(Stored items)
==============================

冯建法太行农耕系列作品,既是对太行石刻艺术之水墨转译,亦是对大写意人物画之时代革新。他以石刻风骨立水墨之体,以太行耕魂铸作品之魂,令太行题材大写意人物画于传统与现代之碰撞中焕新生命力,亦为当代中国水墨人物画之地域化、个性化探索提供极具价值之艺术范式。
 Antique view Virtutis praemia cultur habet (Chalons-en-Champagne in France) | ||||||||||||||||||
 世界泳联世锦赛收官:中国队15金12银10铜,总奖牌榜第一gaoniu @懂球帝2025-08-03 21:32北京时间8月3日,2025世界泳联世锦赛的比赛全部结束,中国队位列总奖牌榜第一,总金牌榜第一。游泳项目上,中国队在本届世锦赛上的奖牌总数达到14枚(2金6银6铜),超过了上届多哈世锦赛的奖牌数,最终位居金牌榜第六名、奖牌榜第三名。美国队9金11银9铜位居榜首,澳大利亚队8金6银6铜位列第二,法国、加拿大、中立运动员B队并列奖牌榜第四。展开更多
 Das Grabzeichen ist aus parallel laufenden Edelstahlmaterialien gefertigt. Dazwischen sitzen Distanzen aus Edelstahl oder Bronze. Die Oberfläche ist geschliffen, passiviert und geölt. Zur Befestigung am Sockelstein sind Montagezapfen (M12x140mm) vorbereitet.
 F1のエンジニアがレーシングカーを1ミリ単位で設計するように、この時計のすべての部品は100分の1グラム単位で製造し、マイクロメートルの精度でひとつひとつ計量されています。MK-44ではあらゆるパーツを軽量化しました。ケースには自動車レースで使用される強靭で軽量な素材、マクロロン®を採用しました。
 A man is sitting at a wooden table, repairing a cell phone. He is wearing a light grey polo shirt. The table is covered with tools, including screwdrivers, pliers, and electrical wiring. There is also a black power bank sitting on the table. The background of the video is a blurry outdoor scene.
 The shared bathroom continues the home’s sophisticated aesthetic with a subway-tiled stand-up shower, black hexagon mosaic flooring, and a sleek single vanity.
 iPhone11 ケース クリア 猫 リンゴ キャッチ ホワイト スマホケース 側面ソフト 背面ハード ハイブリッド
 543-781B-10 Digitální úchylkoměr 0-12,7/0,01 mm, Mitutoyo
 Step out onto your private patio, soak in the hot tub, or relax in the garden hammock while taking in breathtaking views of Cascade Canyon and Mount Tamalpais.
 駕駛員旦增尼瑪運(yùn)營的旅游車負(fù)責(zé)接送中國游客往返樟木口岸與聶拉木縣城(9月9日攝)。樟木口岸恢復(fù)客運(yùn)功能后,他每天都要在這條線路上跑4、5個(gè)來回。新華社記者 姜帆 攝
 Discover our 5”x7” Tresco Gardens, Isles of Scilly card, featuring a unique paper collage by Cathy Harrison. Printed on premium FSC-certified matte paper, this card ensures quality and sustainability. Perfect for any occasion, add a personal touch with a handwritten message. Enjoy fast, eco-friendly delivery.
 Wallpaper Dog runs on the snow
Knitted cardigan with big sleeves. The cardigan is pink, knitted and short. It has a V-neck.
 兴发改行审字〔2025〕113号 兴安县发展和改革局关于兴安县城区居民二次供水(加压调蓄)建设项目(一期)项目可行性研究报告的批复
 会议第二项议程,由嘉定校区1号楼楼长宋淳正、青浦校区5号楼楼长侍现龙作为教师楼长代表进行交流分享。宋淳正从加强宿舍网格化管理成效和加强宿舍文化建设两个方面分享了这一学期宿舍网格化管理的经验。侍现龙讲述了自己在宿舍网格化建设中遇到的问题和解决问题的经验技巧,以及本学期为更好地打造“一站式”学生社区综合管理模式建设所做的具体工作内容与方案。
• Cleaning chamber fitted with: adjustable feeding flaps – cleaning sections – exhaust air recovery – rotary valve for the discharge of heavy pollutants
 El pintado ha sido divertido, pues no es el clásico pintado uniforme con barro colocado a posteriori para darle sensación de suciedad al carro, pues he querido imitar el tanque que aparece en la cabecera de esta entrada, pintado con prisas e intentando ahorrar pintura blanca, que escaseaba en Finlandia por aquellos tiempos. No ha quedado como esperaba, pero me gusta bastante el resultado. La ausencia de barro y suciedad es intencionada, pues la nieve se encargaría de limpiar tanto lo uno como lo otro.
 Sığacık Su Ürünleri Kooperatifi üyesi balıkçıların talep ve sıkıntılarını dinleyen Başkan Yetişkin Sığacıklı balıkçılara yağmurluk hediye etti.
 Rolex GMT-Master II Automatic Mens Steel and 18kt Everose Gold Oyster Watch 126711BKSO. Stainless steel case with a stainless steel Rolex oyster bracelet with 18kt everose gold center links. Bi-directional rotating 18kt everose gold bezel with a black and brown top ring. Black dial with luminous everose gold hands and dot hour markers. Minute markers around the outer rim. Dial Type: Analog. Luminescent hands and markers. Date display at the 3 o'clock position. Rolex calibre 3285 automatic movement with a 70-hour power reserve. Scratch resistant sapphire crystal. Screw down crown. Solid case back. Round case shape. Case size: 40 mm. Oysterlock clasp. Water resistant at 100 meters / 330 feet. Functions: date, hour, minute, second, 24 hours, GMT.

==============================

— What you have to do —
Look above for the line with "Wallpaper Dog runs on the snow" and the line with "会议第二项议程,由嘉定校区1". Write out those two lines and all the lines between them, exactly, and no others.

— Exercise output —
 Wallpaper Dog runs on the snow
Knitted cardigan with big sleeves. The cardigan is pink, knitted and short. It has a V-neck.
 兴发改行审字〔2025〕113号 兴安县发展和改革局关于兴安县城区居民二次供水(加压调蓄)建设项目(一期)项目可行性研究报告的批复
 会议第二项议程,由嘉定校区1号楼楼长宋淳正、青浦校区5号楼楼长侍现龙作为教师楼长代表进行交流分享。宋淳正从加强宿舍网格化管理成效和加强宿舍文化建设两个方面分享了这一学期宿舍网格化管理的经验。侍现龙讲述了自己在宿舍网格化建设中遇到的问题和解决问题的经验技巧,以及本学期为更好地打造“一站式”学生社区综合管理模式建设所做的具体工作内容与方案。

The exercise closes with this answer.